Berkovitz v. United States
Headline: Court limits government immunity, allows lawsuit over federal licensing and approval of oral polio vaccine when agencies fail to follow mandatory safety rules, affecting people injured by approved vaccine lots.
Holding: The Court reversed the appeals court and held that the law shielding discretionary government actions does not bar suits alleging agencies violated mandatory licensing or lot-release rules for an oral polio vaccine, so those claims may proceed.
- Allows vaccine-injury suits when agencies ignore mandatory safety testing rules.
- Prevents blanket immunity for regulatory policy decisions, enabling some negligence claims.
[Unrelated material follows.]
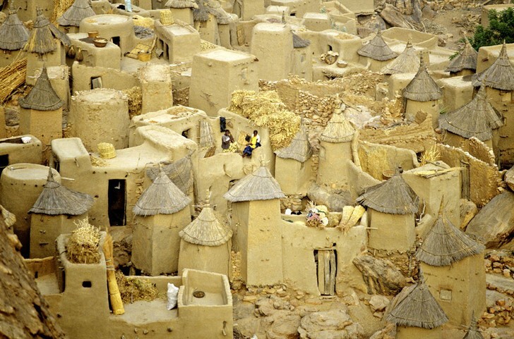 The ideal Dogon village is built on the principle of human body. Clay houses differ in purpose and location. The head is a toguna, a house for men's gatherings. In the chest and abdomen - familial houses with gabled roofs. In place of the genitals - sacrificial altars. The hands are the homes where women go during their periods.

- Requires courts to examine whether agency officials had actual discretion in safety approvals.
Summary
Background
Kevan Berkovitz was a two-month-old infant who received a dose of Orimune, an oral polio vaccine made by Lederle Laboratories, and within a month developed severe polio. The Communicable Disease Center concluded the disease came from the vaccine. Berkovitz and his parents sued the United States under the Federal Tort Claims Act, arguing the Division of Biologic Standards (later the FDA’s Bureau of Biologies) wrongly licensed the vaccine and approved release of the particular lot containing his dose without following required safety procedures.
Reasoning
The Court examined whether the FTCA’s discretionary-function exception — which protects government policy choices from suit — bars these claims. The Court explained that the exception applies only when officials exercise genuine policy judgment. Where a statute or regulation mandates a specific act, like receiving required test data, examining a product, and determining compliance before issuing a license, officials have no discretion and the exception does not apply. For claims that an agency simply made a wrong scientific judgment, the Court left it to the lower court to decide whether that judgment involved protected policy discretion. For lot-release rules, the Court said policy choices are protected, but alleged approvals made in violation of a mandatory internal policy or without discretion are not barred.
Real world impact
The Court reversed the appeals court and sent the case back for further proceedings. Claims that an agency failed to follow mandatory licensing or lot-release requirements can go forward, while claims that challenge discretionary regulatory policy remain protected. This decision requires courts to examine whether officials had real discretion in safety approvals.